Sustainable Coffee; Certified or Not
Certified or Not?
Coffee is the second greatest traded global commodity next to crude oil, valued in excess of $11 billion in trade annually. Coffee is grown, harvested and processed in the tropics around the equatorial belt, bordered by the Tropics of Cancer in the north and Capricorn in the south. The societies and economies of the coffee producing countries are primarily developing nations. For many of these countries, coffee comprises over fifty percent of their annual exports. Specialty coffee, coffea arabica species, is mostly cultivated on steep mountainsides at elevations in excess of1000 Meters (3200 ft). Seventy-five percent of the world’s coffee is grown by small families, who are often members of co-ops.
The coffee shrub, originating in the highland rainforests of Ethiopia, growing under a multi-tiered shade tree canopy, yields an average net production of one pound of finished - ready for market - beans. The plot size requirements for a commercially viable harvest are quite substantial. Shade grown coffee trees grow relatively slow, but produce cherries that have higher levels of sugars and require less chemical input than current hybrid coffees. Most often, the sub-species of arabica coffees grown are heirloom varietals, stemming from the bourbon or typica varietals. Shade grown or natural forest coffee makes the smallest footprint on the environment and allows parallel and complimentary production of commerce generating products and activities for the small sustenance farmer.
The sheer size of this industry has no doubt attracted, supported, and been the foundation for development, of some major multi-national corporations. Along with the desire to maximize profits through high volume production and cost reduction, these companies have invested heavily in research and development of high yield, disease resistant hybrid trees. Such hybrids require as much sun as possible to grow at maximum potential. Copious, if not superfluous, amounts of petro-chemical fertilizers, herbicides, fungicides, et al, are required by the coffee trees’ root systems to maintain production. This has resulted in the creation of “technified sun” coffee plantations, areas devoid of forest, which, in the tropics, aside from the savannas of Brazil or Africa, are virtually non-existent.
With the presence of big business in developing countries, who have historically operated more with “scorched earth” perspective and policy, and less concern for local communities and their health and prosperity, how is it that we as end users can ensure and support a proper balance of the three forms of capital: economic, environmental and social? Seek out and purchase sustainably produced products.
How are we to know the validity of all such “sustainably produced” claims that are made in the marketplace? Certification is one primary vehicle for accountability, assurance and transparency.
CERTIFIED ORGANIC: Environmentally-based. Sustainable agricultural practices; integrated crop management; waste reduction and recycling; water shed and soil improvement; NO petro-chemical fertilizers, pest controls, herbicides or fungicides. USDA oversees regional, state and local sub-certifiers under National Organic Program (NOP).

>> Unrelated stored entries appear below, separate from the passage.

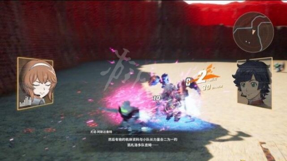 BOSS血量被打掉一半後就簡單了,眼鏡男會開著虔敬高達支援,這樣隊友倒下後,眼鏡男有概率吸引BOSS仇恨。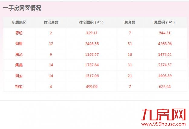 从各区的一手住宅成交数据来看,集美区和同安区成交14套,位居全市一手住宅成交排行榜榜首;湖里区成交12套,位居排行榜第二位;海沧区成交9套,位居排行榜第三位。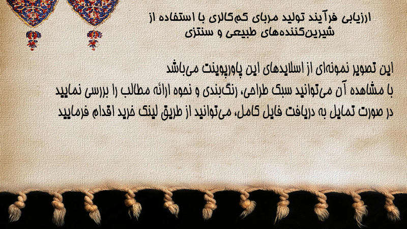 پاورپوینت ارزیابی فرآیند تولید مربای کمکالری با استفاده از شیرینکنندههای طبیعی و سنتزی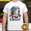A mannequin wearing a white t-shirt with a graphic design of a dog's face and the word 'Swissy' in a decorative font. The background features a festive holiday setting with Christmas decorations, including a wreath and a garland with red berries. | Womens Swissy Mom Swiss Mountain Dog Mama Floral Shirt | 7f0c690624c294d8725259bf251486f087c4f08aa0a9adb865e7bf8dc8e2a0c4 | 001401446105 | 0 | 0 | 41 | 9 | 0 | 0 | |

FAIR TRADE: Socially-based. Administered by Trans Fair USA. Coops only. Improves farmers’ and workers’ lives through guaranteeing a minimum financial return, determined through fixed differential pricing above globally-traded commodities market pricing. Establishes minimum wage and community improvement guidelines and requirements, as well as improving farm management through administrative assistance. Provides direct market access to member coops, eliminating middlemen.
BIRD-FRIENDLY: Environmentally-based. Administered by the Smithsonian Migratory Bird Center. Verifies minimum number of bird species on coffee farms in conjunction with organic certification and shade tree requirements. Intends to replicate virgin rainforest; increase bio-diversity on farms; create waterway and buffer zones for avian breeding grounds.
SHADE-GROWN: Environmentally-based. No certification. The Specialty Coffee Association of America has formed guidelines, describing three tiered canopy, with upper level as high as 40 – 50 feet high, minimum of 11 species of trees with 60% being native species and legume type, which is good for soil health. Improved coffee quality through slower and fuller maturation of sugars in the coffee cherries.
RAINFOREST ALLIANCE: Socially and environmentally based. Open to coops and estates. Ecosystem protection through reforestation and conservation; shade forest components, minimum wage labor benefits; growers required to make specific donations to improve local communities.
UTZ KAPEH: Environmentally- and socially-based. Limited pesticides; continuous farm improvement; minimum wage and labor protection; on-farm housing and education; direct market access.
Through purchasing CERTIFIED sustainable products, everyone involved benefits.